PROVIDED RECORDS Start Marker

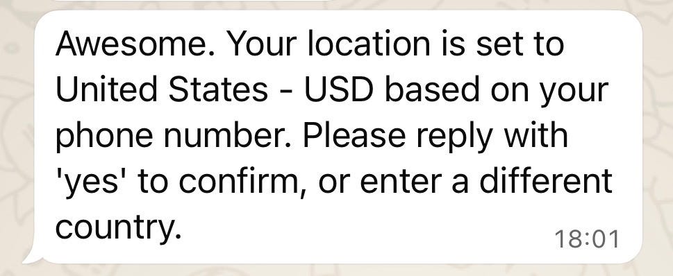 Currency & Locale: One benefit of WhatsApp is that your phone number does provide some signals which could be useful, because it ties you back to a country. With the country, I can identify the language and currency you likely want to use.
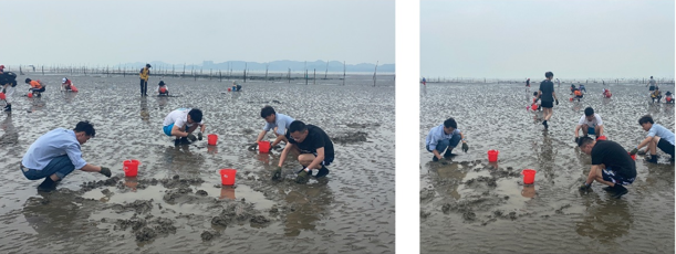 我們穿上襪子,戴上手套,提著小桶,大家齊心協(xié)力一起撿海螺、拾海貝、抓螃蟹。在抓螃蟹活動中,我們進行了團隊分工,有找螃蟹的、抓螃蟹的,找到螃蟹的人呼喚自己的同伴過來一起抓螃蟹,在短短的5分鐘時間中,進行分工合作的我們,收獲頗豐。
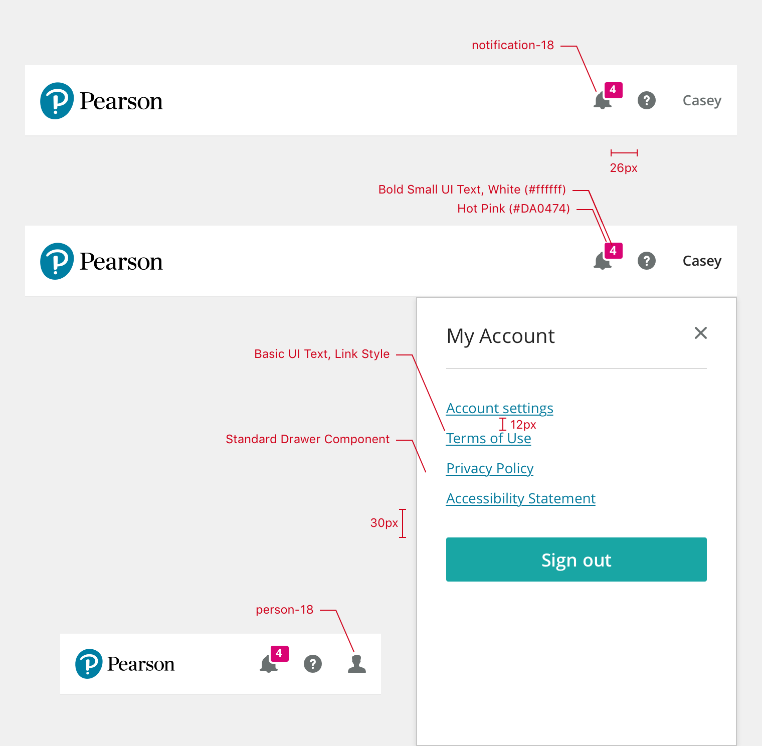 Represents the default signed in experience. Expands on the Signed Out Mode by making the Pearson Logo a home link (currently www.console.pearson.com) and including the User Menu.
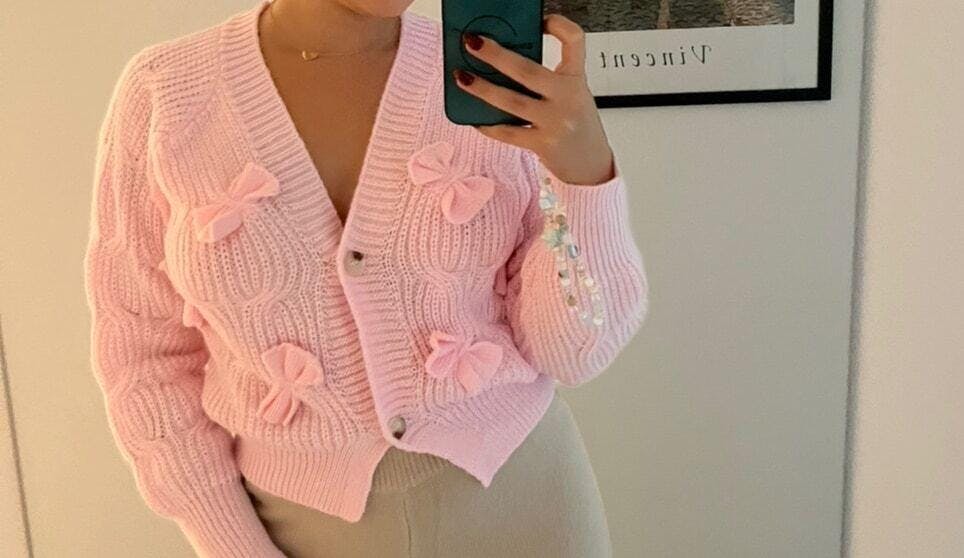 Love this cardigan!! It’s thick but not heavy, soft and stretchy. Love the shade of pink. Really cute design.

PROVIDED RECORDS End Marker
PROVIDED RECORDS Start Marker

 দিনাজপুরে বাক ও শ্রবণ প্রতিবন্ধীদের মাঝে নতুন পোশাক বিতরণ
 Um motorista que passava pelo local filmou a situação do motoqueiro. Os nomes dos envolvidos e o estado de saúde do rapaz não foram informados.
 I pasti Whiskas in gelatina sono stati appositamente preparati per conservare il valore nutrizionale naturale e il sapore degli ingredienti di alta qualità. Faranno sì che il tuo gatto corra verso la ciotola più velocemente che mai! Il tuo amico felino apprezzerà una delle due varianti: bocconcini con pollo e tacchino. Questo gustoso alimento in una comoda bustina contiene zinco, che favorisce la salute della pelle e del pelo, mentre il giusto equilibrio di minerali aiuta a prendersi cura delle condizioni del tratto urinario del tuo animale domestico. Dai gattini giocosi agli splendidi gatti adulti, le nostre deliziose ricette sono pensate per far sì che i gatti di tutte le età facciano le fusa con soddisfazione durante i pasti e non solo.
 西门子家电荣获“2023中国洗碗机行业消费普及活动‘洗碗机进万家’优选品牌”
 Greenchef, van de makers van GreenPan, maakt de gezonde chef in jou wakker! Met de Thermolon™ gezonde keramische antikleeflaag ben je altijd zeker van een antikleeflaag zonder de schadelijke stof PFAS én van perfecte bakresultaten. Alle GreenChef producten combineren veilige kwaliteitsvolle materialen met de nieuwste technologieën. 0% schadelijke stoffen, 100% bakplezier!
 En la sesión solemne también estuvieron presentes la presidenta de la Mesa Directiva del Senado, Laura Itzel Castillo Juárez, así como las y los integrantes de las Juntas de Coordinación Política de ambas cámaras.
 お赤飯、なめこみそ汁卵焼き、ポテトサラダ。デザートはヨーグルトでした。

PROVIDED RECORDS End Marker
PROVIDED RECORDS Start Marker

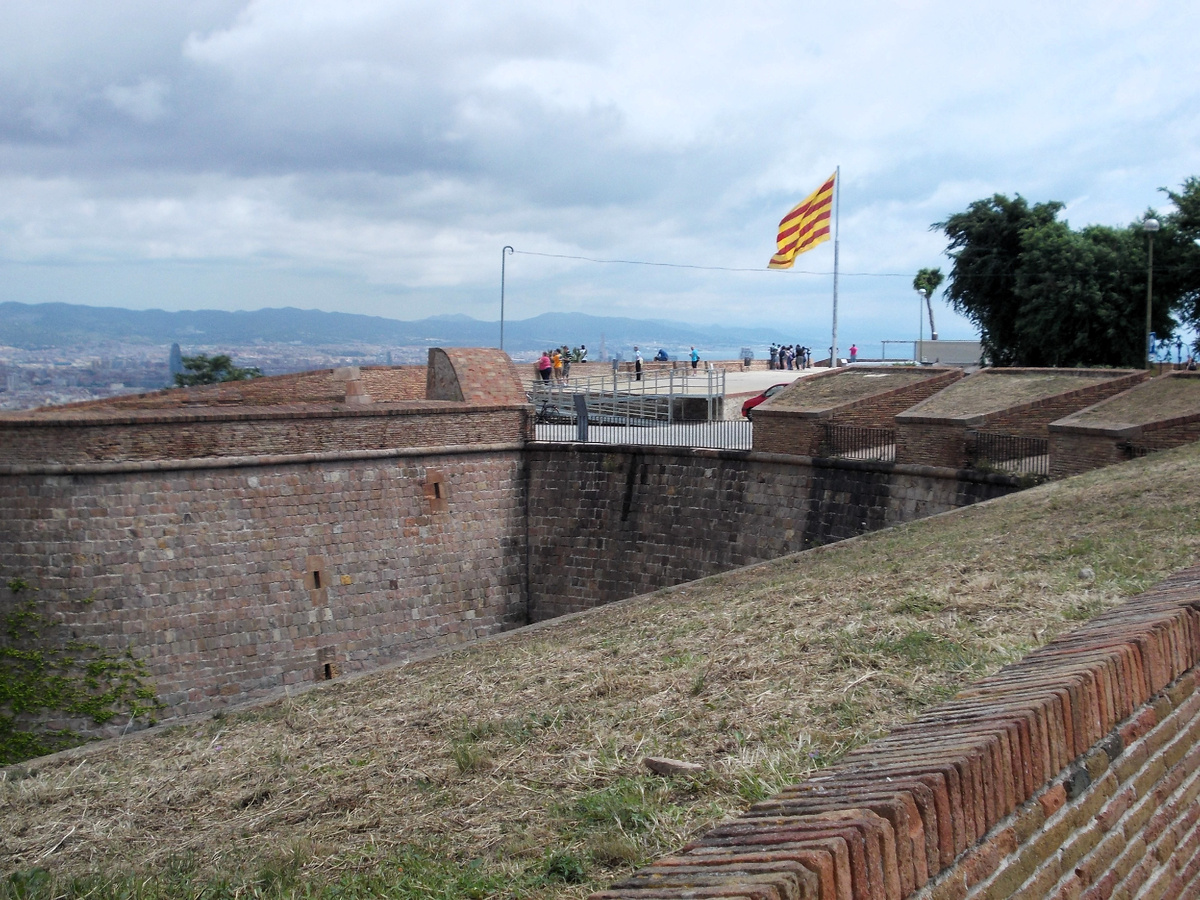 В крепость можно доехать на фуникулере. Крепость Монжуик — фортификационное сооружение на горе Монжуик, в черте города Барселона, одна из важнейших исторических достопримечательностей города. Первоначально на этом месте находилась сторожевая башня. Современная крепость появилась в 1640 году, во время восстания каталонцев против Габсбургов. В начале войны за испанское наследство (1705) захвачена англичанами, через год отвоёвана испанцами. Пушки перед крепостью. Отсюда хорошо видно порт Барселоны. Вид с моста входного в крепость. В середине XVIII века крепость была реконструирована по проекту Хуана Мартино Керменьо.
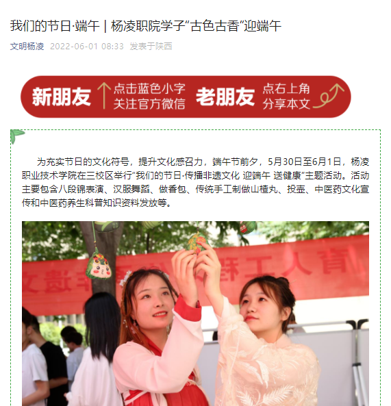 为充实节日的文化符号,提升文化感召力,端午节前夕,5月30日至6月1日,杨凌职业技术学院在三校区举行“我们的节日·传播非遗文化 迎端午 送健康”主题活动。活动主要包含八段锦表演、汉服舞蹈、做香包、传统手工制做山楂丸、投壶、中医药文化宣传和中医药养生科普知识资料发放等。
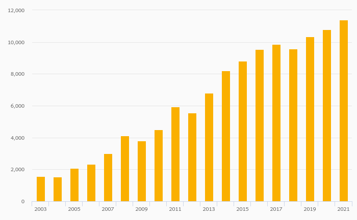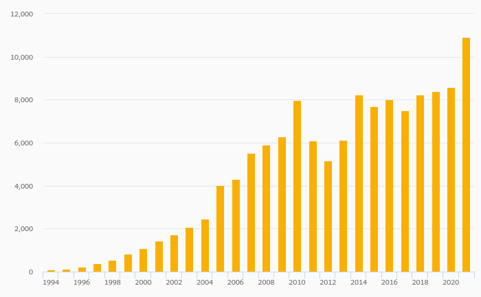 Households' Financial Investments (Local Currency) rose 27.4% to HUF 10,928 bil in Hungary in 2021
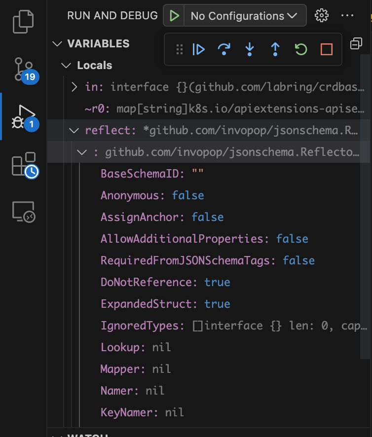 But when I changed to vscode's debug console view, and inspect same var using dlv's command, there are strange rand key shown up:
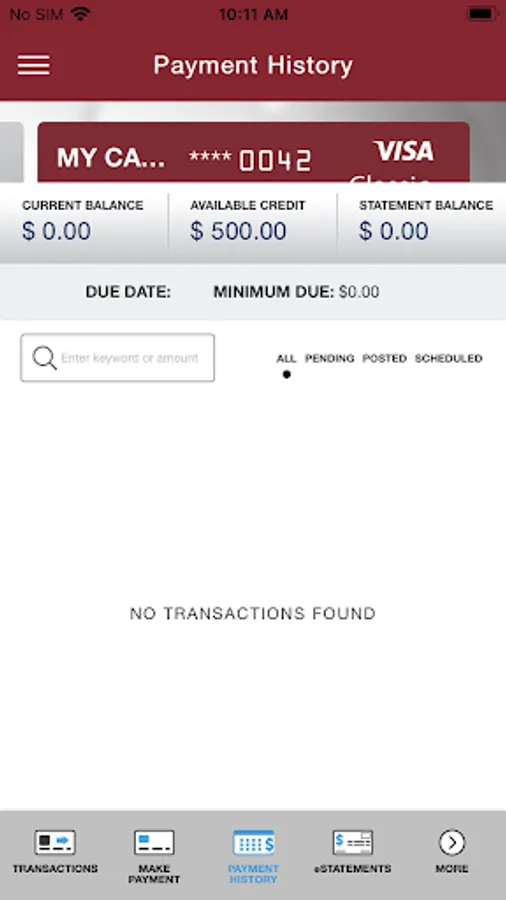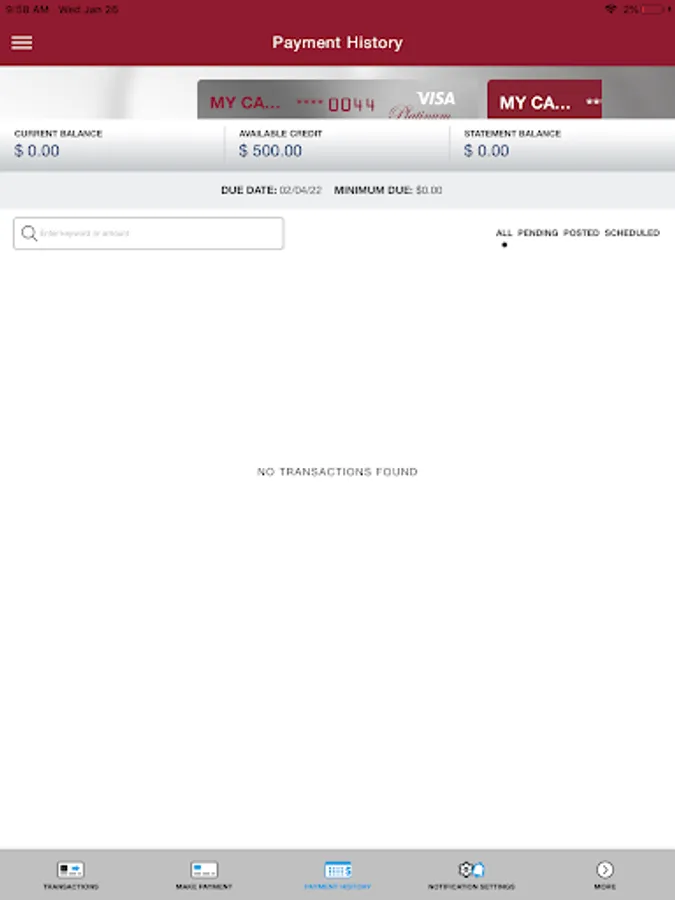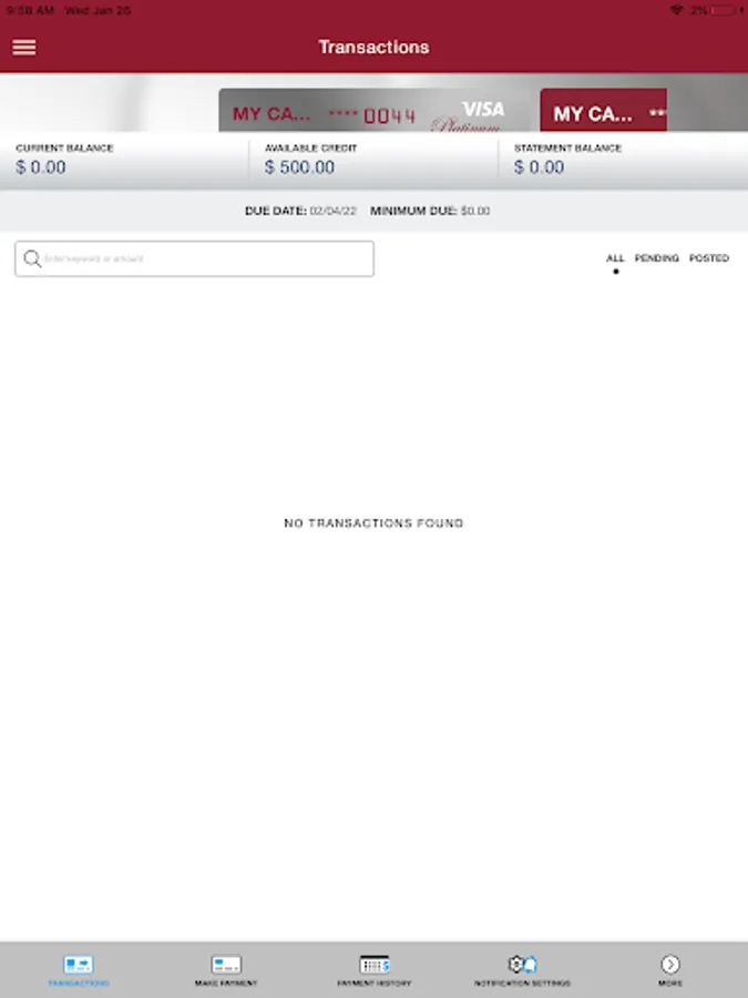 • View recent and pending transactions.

PROVIDED RECORDS End Marker

* **PROBLEM TO WORK ON**
Starting with the line that has "Currency & Locale: One" and ending with the line that has "Love this cardigan!!", repeat the lines above exactly, omitting every picture.

* **RESPONSE**
 Currency & Locale: One benefit of WhatsApp is that your phone number does provide some signals which could be useful, because it ties you back to a country. With the country, I can identify the language and currency you likely want to use.
 我們穿上襪子,戴上手套,提著小桶,大家齊心協(xié)力一起撿海螺、拾海貝、抓螃蟹。在抓螃蟹活動中,我們進行了團隊分工,有找螃蟹的、抓螃蟹的,找到螃蟹的人呼喚自己的同伴過來一起抓螃蟹,在短短的5分鐘時間中,進行分工合作的我們,收獲頗豐。
 Represents the default signed in experience. Expands on the Signed Out Mode by making the Pearson Logo a home link (currently www.console.pearson.com) and including the User Menu.
 Love this cardigan!! It’s thick but not heavy, soft and stretchy. Love the shade of pink. Really cute design.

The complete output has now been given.